Pre-PEP: Providing a CPython mirror

Hello,
I would like to propose providing a mirror of the CPython repository. You can find the draft here:

1 Like

I personally think it’s a great idea. Having an official mirror that serves as a backup makes sense. It also would make it easier to migrate should the need arise.

I’m not sure I understand the goals of this proposal.

We already have backups of the CPython repo, importantly including the issue and pull request data, which git clone --mirror won’t include.

Adding another hosting site just for the sake of it seems confusing, and means contributors and core developers need to check multiple places. The benefits of moving issues to GitHub were that we have one centralised place for development. Fracturing that by adding other places to eg submit PRs would be unhelpful.

If the proposal is simply to have a mirror of the data for those that don’t want to use GitHub, that can be done very easily and doesn’t, in my view, require a PEP.

Overall I don’t think I understand the ideas behind this PEP, and so currently would be -1, but hopefully the authors can elaborate on the context and rationale behind it.

A

9 Likes

As the PEP states:

The mirror is not intended to replace the host for contributions (issues, pull requests, CI), but to provide an additional read-only distribution channel for the Git data (commits, branches, tags etc.) because having multiple contribution platforms would introduce excessive complexity and asynchron

having two platforms for contribution is unrealistic and is not proposed.

That is part (but not all) of the proposal, yes.

Some contributors prefer using open-source platforms to develop open source projects. Since GitHub is not open source, a mirror would allow us to address this concern. Mirrors improve accessibility for contributors in regions where GitHub may be blocked [1] or slow.

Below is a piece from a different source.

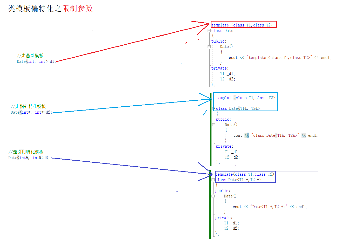 偏特化并不仅仅是指特化部分参数,而是针对模板参数更进一步的条件限制所设计出来的一个特化版本。
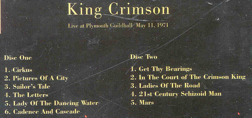 King Crimson Live at Plymouth Guildhall 2 CD SET May 11th 1971 King Crimson Live at Plymouth Guildhall ( 2 CD SET ) ( May 11th , 1971 )

Doesn’t the read-only nature of the mirror more or less block this motivation? It lets a contributor clone the repo without using GitHub (although cloning from a public GitHub repo doesn’t even require a GitHub account so it’s a very marginal gain) but it won’t let them push their changes back without a going through a pull request (and most likely an accompanying issue) on GitHub.

4 Likes

I also read this section that Brenainn quotes, which is where my comments about needing to check multiuple places come from.

If the proposed mirror is to be read only (i.e. not used for core development), then what are the benefits of having it be blessed by the project? There are no restrictions to any individual or group setting up a mirror, and indeed many already do.

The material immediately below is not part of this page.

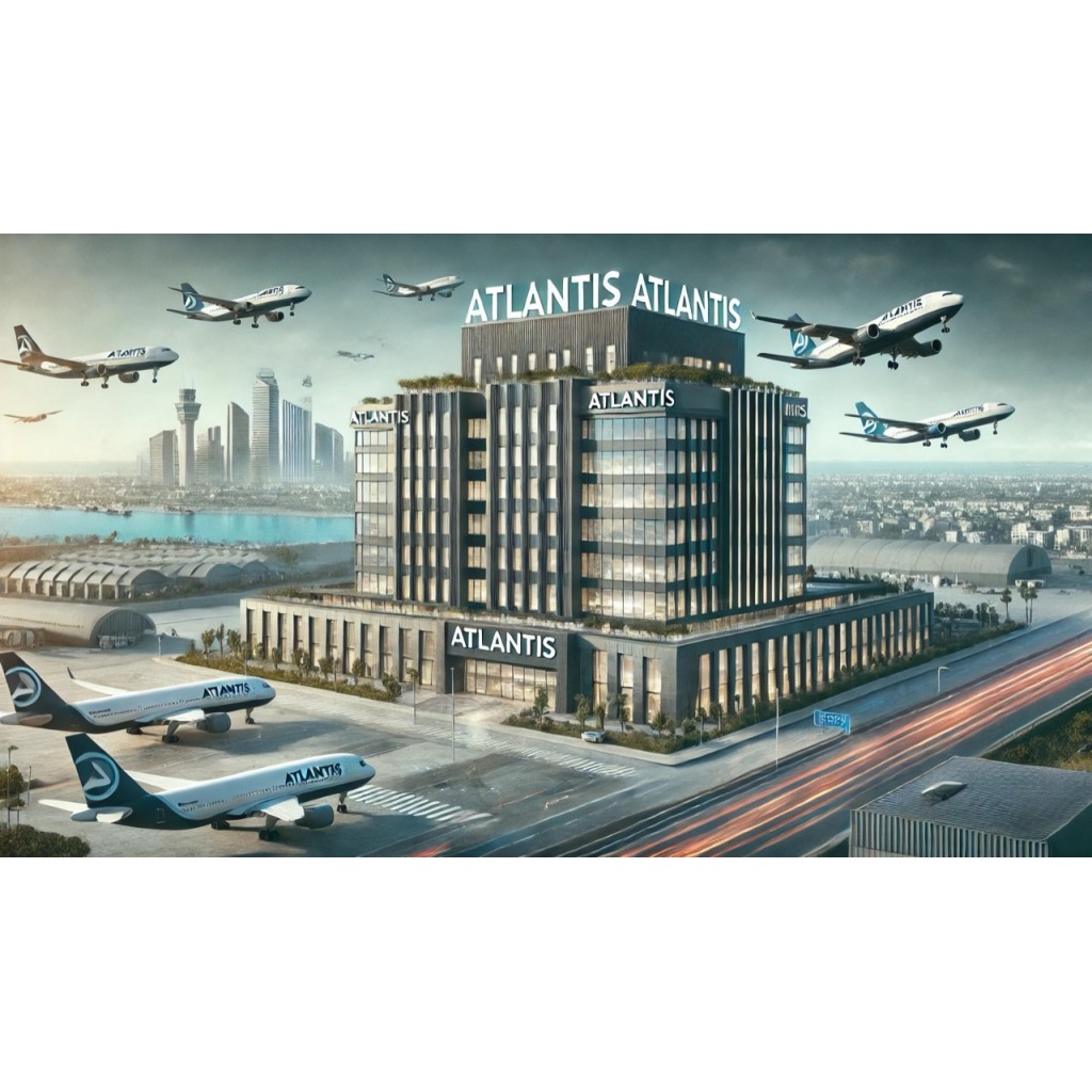 - Illustrazione dell'Aereo: Sul lato destro del documento è presente l'illustrazione di un aereo della compagnia Atlantis, rappresentando l'identità e il settore di attività della società.

Secondly, if the mirror won’t contain all the data used to inform decisions (namely the history of PRs & issues), what benefits does it have over the more standard backups we currently perform?

A

1 Like

It confirms it’s validity, I’m very careful when I clone and compile code from random repositories, since there’s no guarantee it isn’t harmful. A malicious actor could create a “mirror” and inject their commits.

If someone manages to get malicious code onto the CPython source tree, I think we have bigger problems at that point. But anyway, how would a mirror help prevent that? An evil commit would be reflected in the mirror as well.

I think you misunderstood me, apologies if I was not clear.

I meant that the malicious commits would be in the unofficial mirror, not the actual source.

Oh, sorry, I did misunderstand.

If you’re worried about the mirror being bad, just verify it against the MD5 checksum that we provide in releases. Otherwise, if you’re unable or against using GitHub for contribution, why clone CPython at all? Our unreleased branches sometimes contain changes that break the buildbots, and users probably don’t want those commits. We have a release process for a reason!

1 Like

Indeed, like the larger backups issue, can this PEP be a core-workflow issue instead?

2 Likes

Here are instructions on how to set up such a mirror with Gitlab: Repository mirroring | GitLab Docs

You may need a paid plan to have this work in “pull” mode.